Okay, if I'm not mistaken .. you're changing the value of ch INSIDE a 
procedure then wondering why its back to normal once yer back outside.

	If that's your quandry.  Then its simple .. you can't change the 
value of ch inside a procedure and expect it to stay changed unless you 
send a reference to it.  (ie.. char_struct **) (in english a pointer to 
a character structure pointer).

	for instance .. say i have a simple routine:

void change_int (int a) {
	a++;
}

	now, say outside this routine i have a vaiable b and its equal 
to 3.  I send it to the routine and then i check it afterwards.. whammo
its still 3.  And thats because what i sent to the routine was the VALUE
of the variable and not the pointer to the variable itself.

	heres the routine you would want .. if you were actually wanting
to change the value of some int variable by sending to a procedure:

void change_int (int *a) {
	(*a)++;
}

	in this example i sent the reference to the value.. and i 
dereferenced it in the routine .. and changed it.  and when it gets back 
out of the routine  b will equal 4.

	Now back to the example Hades posted earlier and why he can still see 
all the char info even after he sends the ch variable through the 
free_char routine ... YES all the character structures have been 
released back to the system for its use,  it just hasnt got around to
reallocating it yet (and thus its still intact).

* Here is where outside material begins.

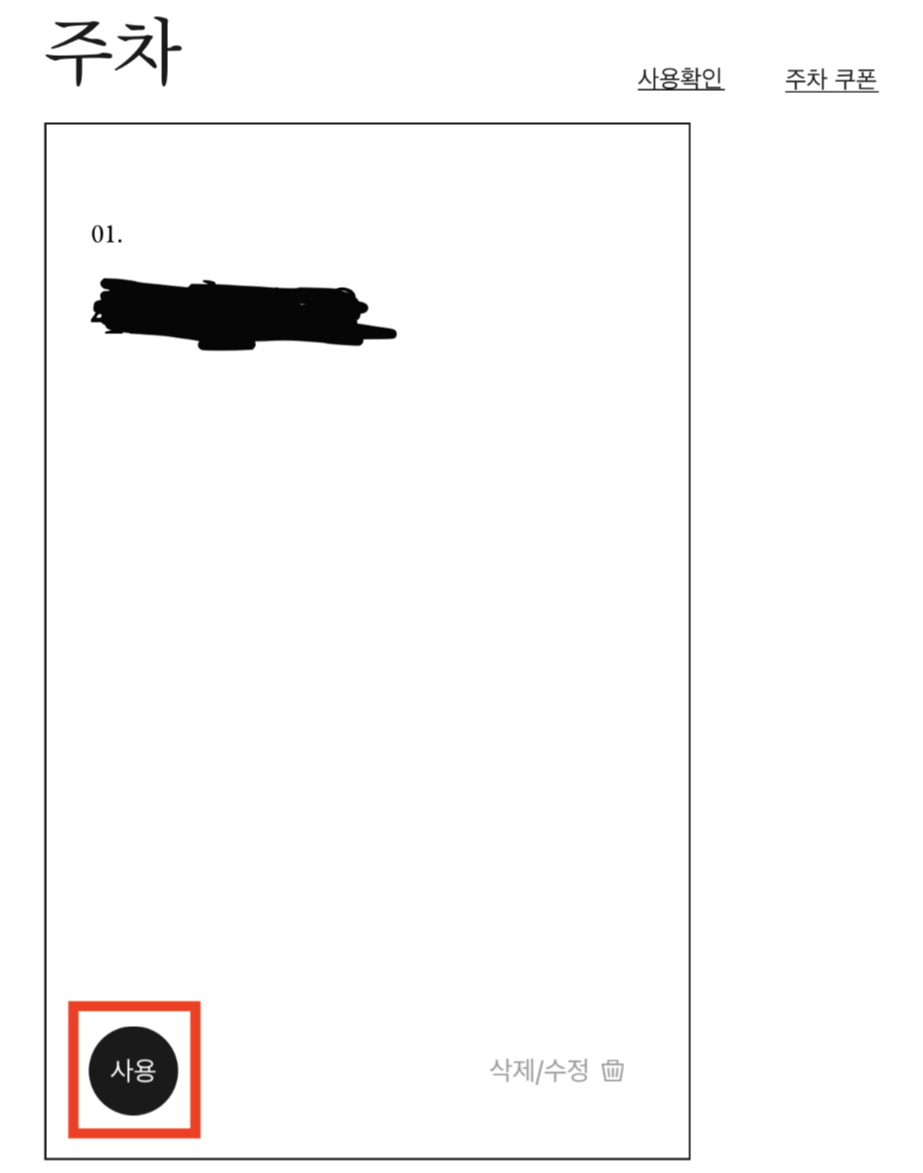 '주차쿠폰 사용'을 클릭하여 이용할 점포를 선택합니다.

	Sorry, for the technical answer .. i KNOW this isnt CS 1.. :>

	But I had to respond with something that would hopefully make sense.

							Mike Scott
						(scottm@workcomm.net)
Ps. I have read this list for quite some time and I RARELY if ever 
answer questions.. (sorry) .. so it would really be unfair of me to take 
any part in deciding whether this list should be split. 
	Although (and Chris Austin may HATE me for this).. I due work on 
my mud late at night and I am running InterMUD.. (Manx@SaberMUD, for 
those of you who have intermud)  And if you have some question you feel 
is valid, I do quite often answer people there.

> Date: Wed, 8 May 1996 23:54:02 -0400 (EDT)
> From: Hades <tourach@servtech.com>
> To: Circle Mailing List <circle@pvv.unit.no>
> Subject: Oh man is this a bad one...
> 
> extract_char(ch)... in there it calls free_char(ch), which SHOULD free all
> memory used by a char, right? Then it frees the ch itself with free(ch) then
> ch = NULL; right?
> 
> SO when it returns from free_char, ch SHOUDL = NULL, right?
> 
> SO when it returns from extract_char, ch should be null, right?